The goal of this project was to verify the effectiveness of the CSD method for two-stage object detectors, implement an easily configurable solution, and to learn the D2 framework. After successful implementation, due to the lack of time, the scope of experiments was limited to a quick, non-extensive set on some datasets. Below I put a table that summarizes the current results. Note:

only RFCN models with ResNet50 backbone were used;
when a CSD version is compared with a baseline it uses the same configuration, the only difference is the CSD regularization enabled.

All runs were tested on VOC07 test. To monitor the progress better, for CSD runs I logged multiple images with predictions from both RPN and ROI as the training progressed that you can check by following the wandb links below.
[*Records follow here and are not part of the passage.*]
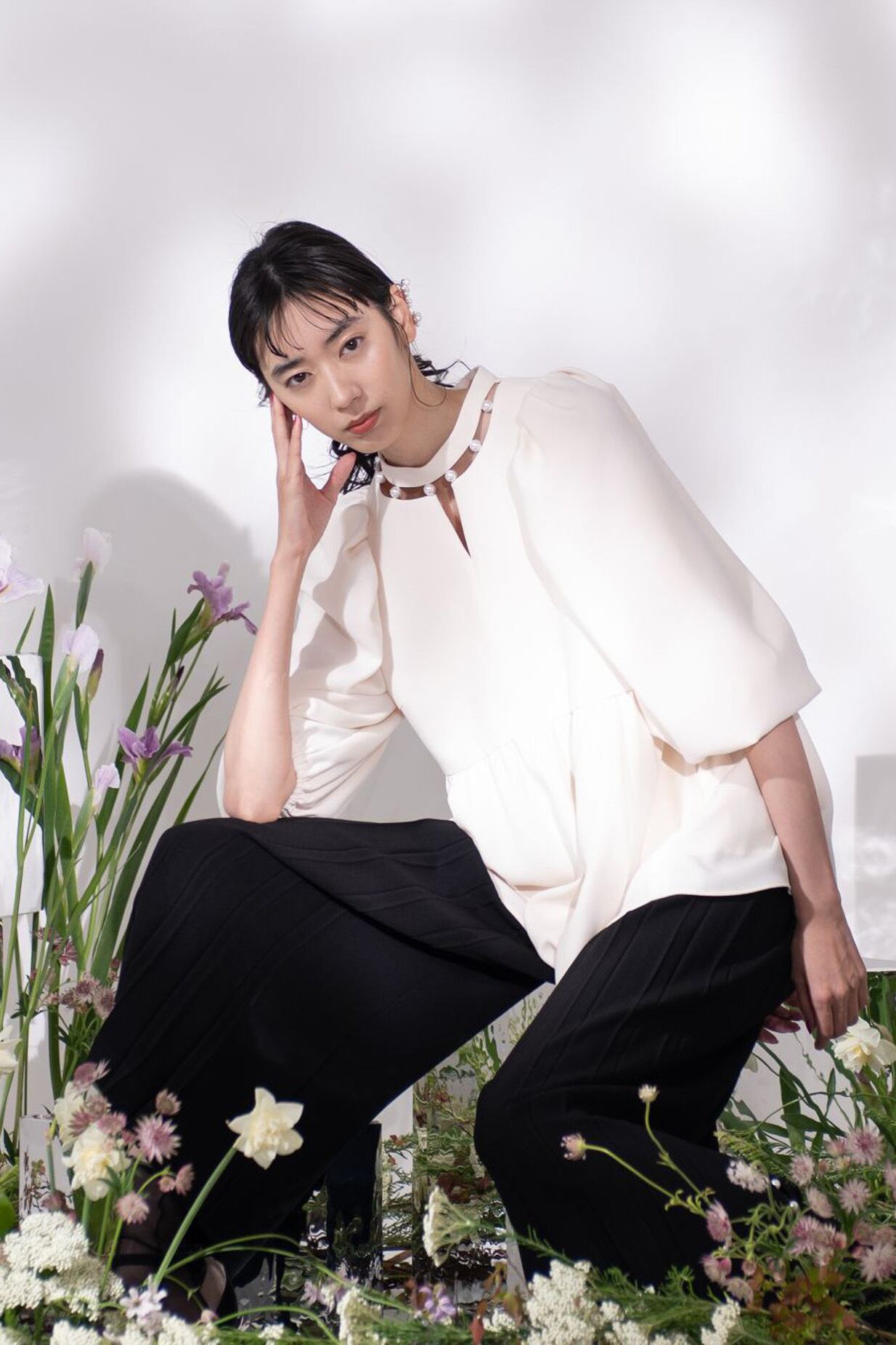 ふんわりとした軽やかなバルーンスリーブの袖口にはゴムを使用しており、袖丈がアレンジ可能に。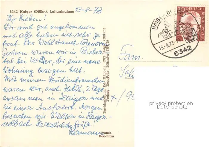 Haiger Fliegeraufnahme Haiger postalisch gelaufen 1973 Erhaltung siehe scans [FriedD77] Frierer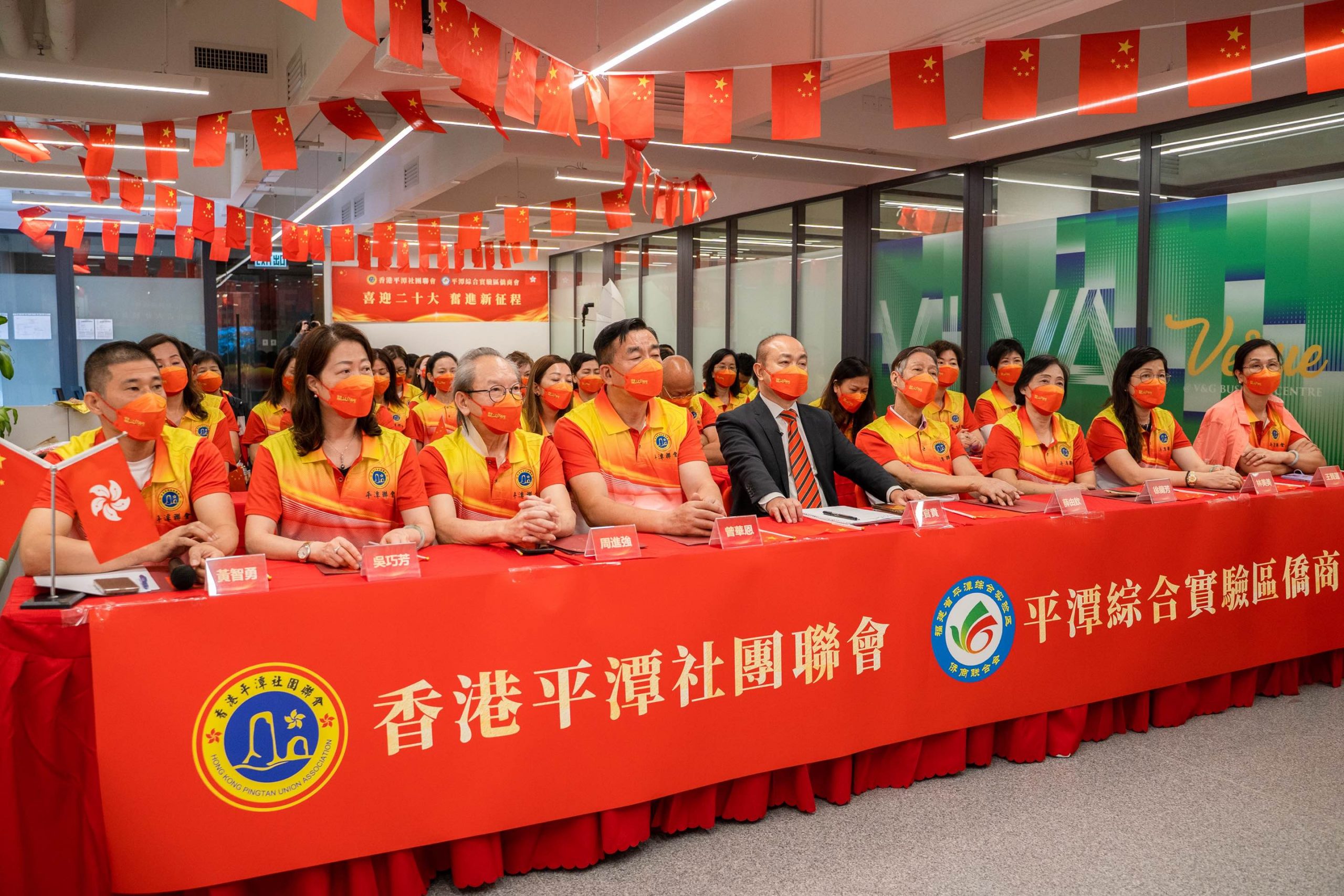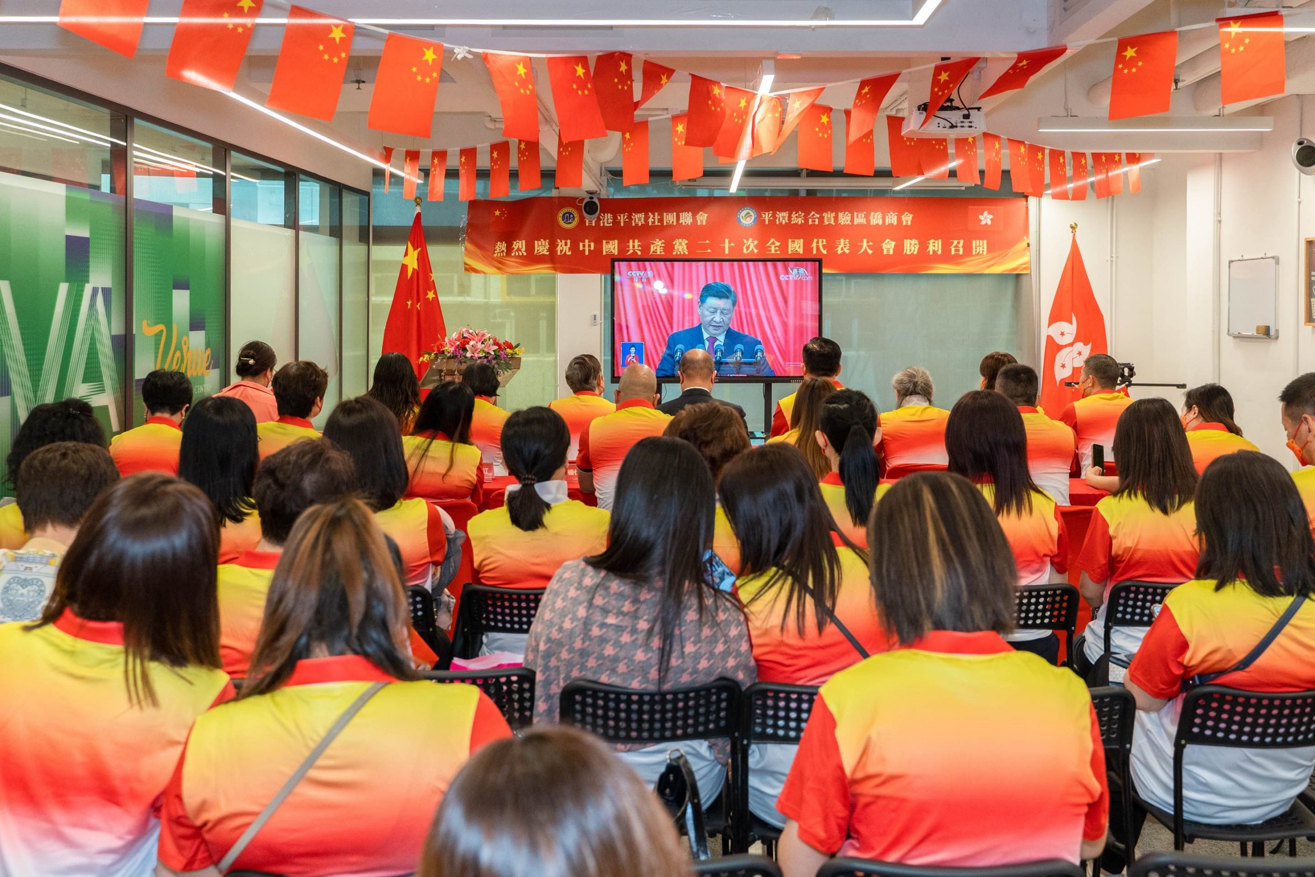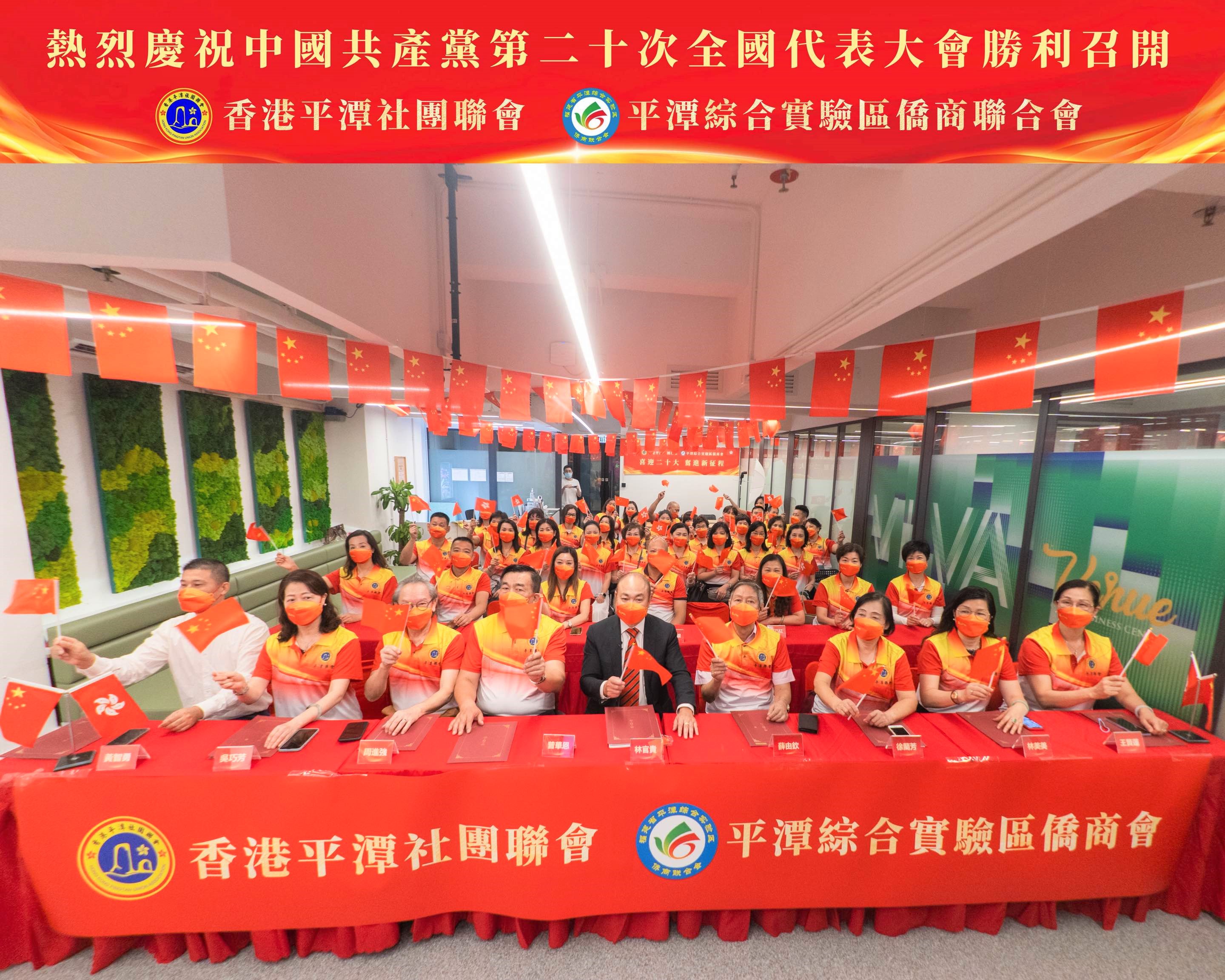香港平潭社團聯會主席林官貴,名譽主席徐蘭芳,周進強,常務副主席吳巧芳、曾華恩、名譽顧問兼九龍分會會長薛由欽,副主席兼婦女會會長林美美,副主席兼婦女會監事長王賢蓮、副主席黃智雲、林晉賢,新界分會監事長楊仕銀、秘書長林巧紅,九龍分會秘書長李小清,九龍分會常務副會長薛來森,婦女會榮譽會長林華玉、林梅雲、黃文青,婦女會常務副會長劉秀嵐,聯會青年工作部部長林宇鵬,會員發展部部長王成忠,會員福利部部長張向太,聯會副秘書長王增雲、林堅、林心芳及各分會副會長、鄉親會員代表等出席收看二十大開幕會直播。
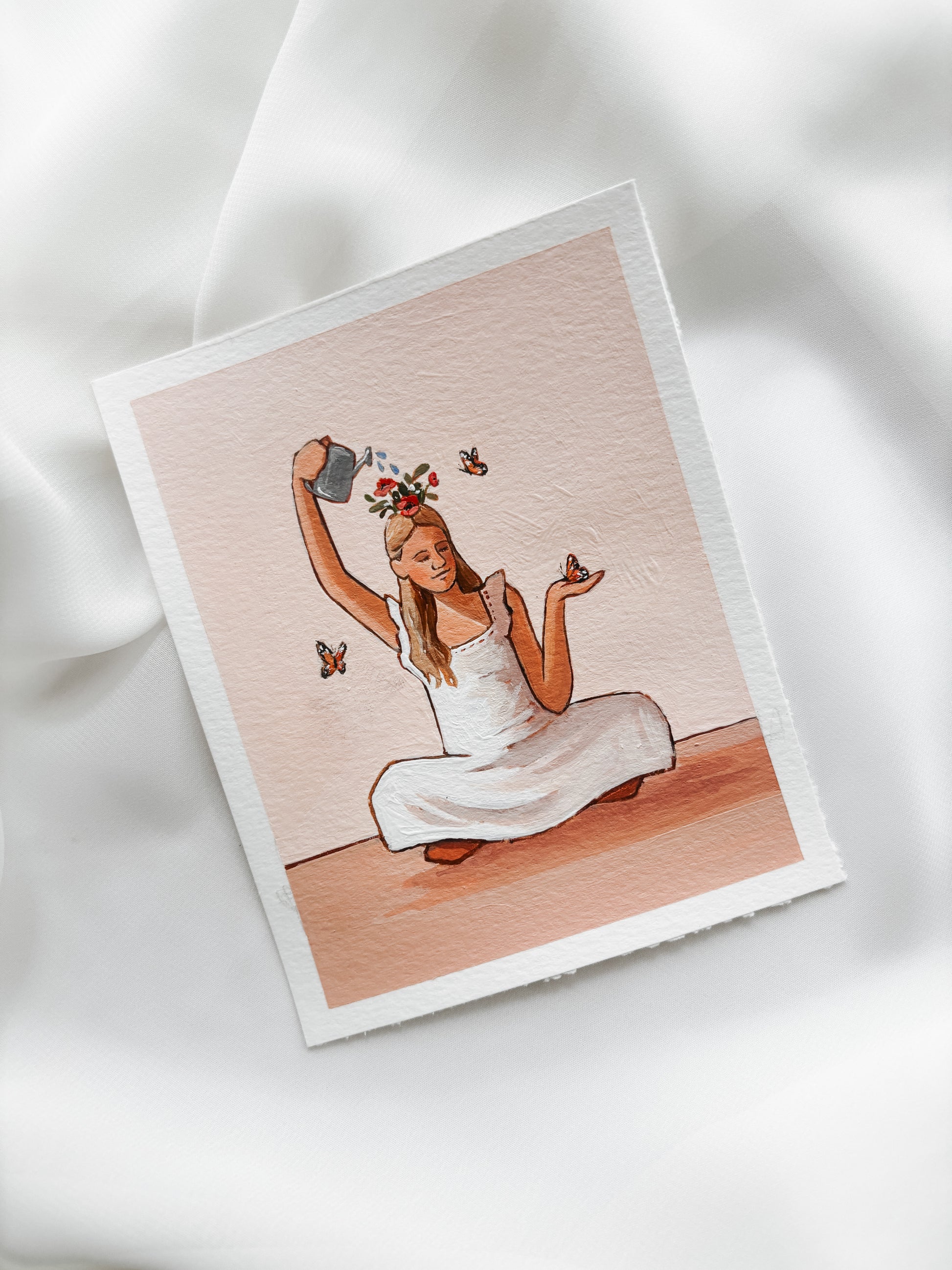 As back to school season starts, I’ve been thinking a lot about the kind of messaging I wish I had been surrounded by as a young girl and teenager. When I look back at that period of my life, I am saddened by how hard I was on my myself. It took me a long time to love who I was, to respect myself in relationships, and to take myself and my dreams seriously. I want to create artwork that helps those younger than me to remember that they are worthy of love and respect. This piece is inspired by that desire. In this painting, a young girl waters her head, which flowers are growing out of. She is surrounded by butterflies, which symbolize transformation and change.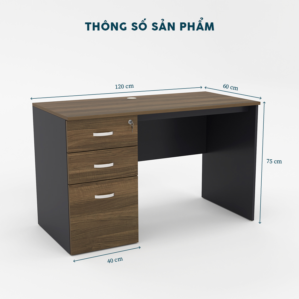 - Mặt bàn rộng vừa đủ : Diện tích (120 cm x 60 cm) phù hợp để đặt máy tính, tài liệu và vật dụng cần thiết, tích hợp lỗi luồng dây để không gian luôn luôn Sản phẩm.

name	labeled	unlabeled	csd_beta	iterations	result (AP@50)	link to Wandb logs
baseline	VOC07	-	-	17K	75.8 % (authors': 73.9 %)	wandb
csd	VOC07	VOC12	0.5	13K	76.4 %, +0.6% (authors': 74.7 %)	wandb
baseline	5% VOC07	-	-	4K	41.7%	wandb
csd	5% VOC07	95% VOC07	0.5	2.5K	42.6%, +0.9%	wandb
baseline	10% VOC07	-	-	4K	51.2%	wandb
csd	10% VOC07	90% VOC07	0.3	3K	53.2%, +2.0%	wandb
baseline	20% VOC07	-	-	4.5K	61.5%	wandb
csd	20% VOC07	80% VOC07	0.3	4.5K	63.0%, +1.5%	wandb

Comparison result can be found in this Wandb report. Using CSD improved the results, especially it helped in low-data scenarios.

In Overview of the project structure you can get an overview of the code. The core CSD logic (e.g. to copy to your project) is in CSDGeneralizedRCNN's forward() and CSDTrainer's run_step() (but keep in mind that they may depend on many other functions/classes).

Please note that the current implementation can be used with other datasets and backbones with no problem, and I plan to run some COCO experiments soon.

The author's official source code for RFCN can be found here (also see their SSD implementation), but I struggled to make it run and faced multiple memory issues.

Installation

Prerequisites

This repository follows D2's requirements which you can find in the next section. Below I just mention the configuration I used for some of the experiments.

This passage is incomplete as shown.